• **Data extract**
--- START ---

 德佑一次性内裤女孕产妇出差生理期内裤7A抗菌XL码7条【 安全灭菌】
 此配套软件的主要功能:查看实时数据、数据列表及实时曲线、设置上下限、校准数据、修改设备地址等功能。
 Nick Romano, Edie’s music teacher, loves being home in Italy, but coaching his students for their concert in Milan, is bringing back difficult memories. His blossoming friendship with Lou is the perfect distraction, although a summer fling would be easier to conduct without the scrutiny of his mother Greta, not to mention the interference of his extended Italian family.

--- END ---
--- START ---

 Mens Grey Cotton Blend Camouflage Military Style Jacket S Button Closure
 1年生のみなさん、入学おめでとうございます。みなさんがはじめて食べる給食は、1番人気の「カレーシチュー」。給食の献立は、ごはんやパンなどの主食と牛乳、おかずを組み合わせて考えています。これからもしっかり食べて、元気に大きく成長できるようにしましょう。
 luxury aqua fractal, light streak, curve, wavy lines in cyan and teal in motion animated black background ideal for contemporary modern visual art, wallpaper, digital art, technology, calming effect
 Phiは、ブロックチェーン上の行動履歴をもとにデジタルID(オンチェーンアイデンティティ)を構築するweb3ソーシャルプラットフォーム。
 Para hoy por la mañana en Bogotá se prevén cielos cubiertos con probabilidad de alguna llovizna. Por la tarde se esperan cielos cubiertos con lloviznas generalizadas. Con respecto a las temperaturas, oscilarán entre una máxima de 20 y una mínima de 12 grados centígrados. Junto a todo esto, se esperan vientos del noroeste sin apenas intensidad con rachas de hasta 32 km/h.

--- END ---
--- START ---

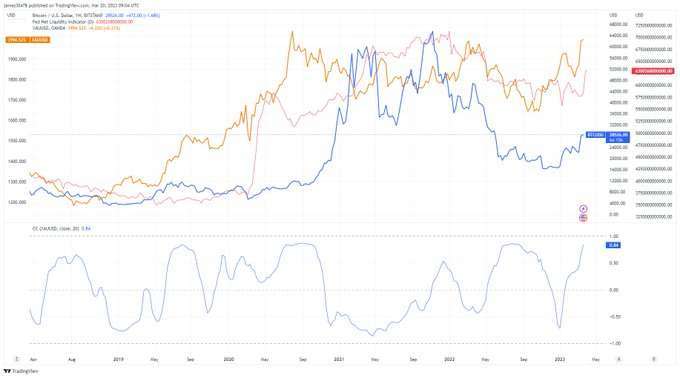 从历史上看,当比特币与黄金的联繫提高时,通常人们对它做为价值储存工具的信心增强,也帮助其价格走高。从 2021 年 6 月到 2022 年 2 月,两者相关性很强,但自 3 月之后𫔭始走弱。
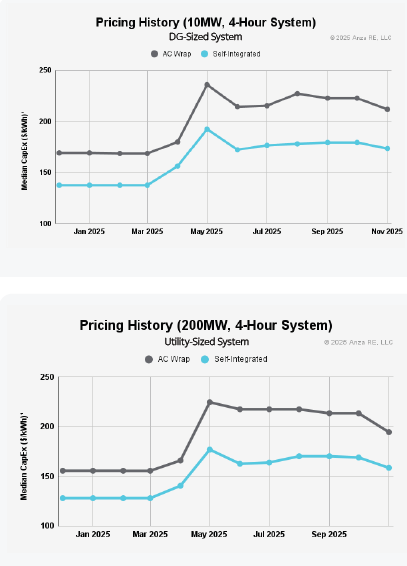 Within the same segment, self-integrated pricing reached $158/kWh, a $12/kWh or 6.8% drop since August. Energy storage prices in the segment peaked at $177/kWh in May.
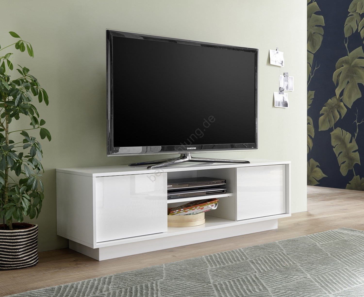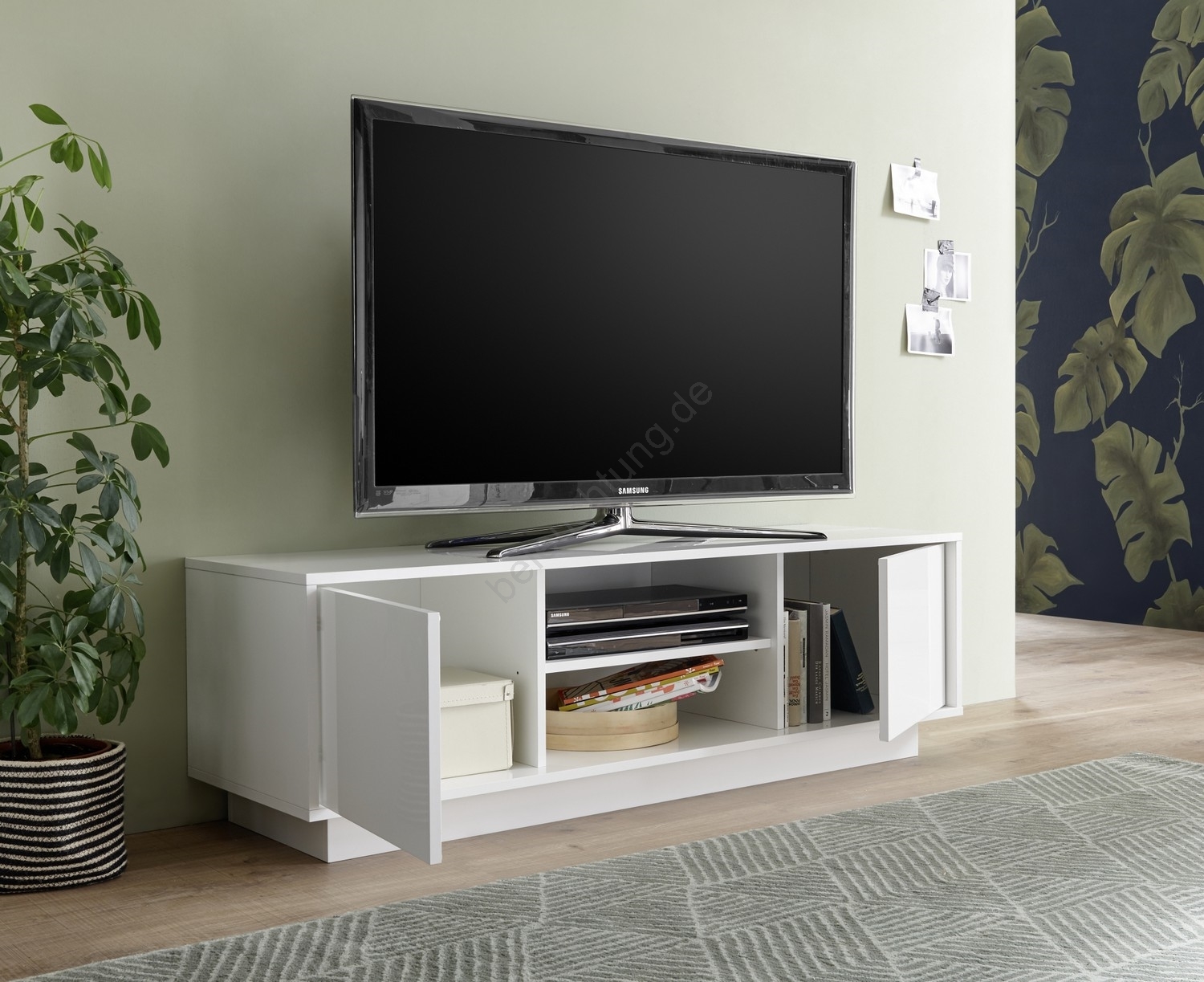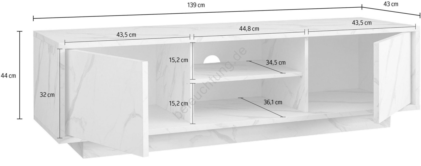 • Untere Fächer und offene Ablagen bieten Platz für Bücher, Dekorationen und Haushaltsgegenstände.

--- END ---

• **To do**
Extract from the material above the stretch running from the line containing "Within the same" through the line containing "Dekorationen und Haushaltsgegenstände.". Keep the text exact and the pictures out.

• **Answer space**
 Within the same segment, self-integrated pricing reached $158/kWh, a $12/kWh or 6.8% drop since August. Energy storage prices in the segment peaked at $177/kWh in May.
 • Untere Fächer und offene Ablagen bieten Platz für Bücher, Dekorationen und Haushaltsgegenstände.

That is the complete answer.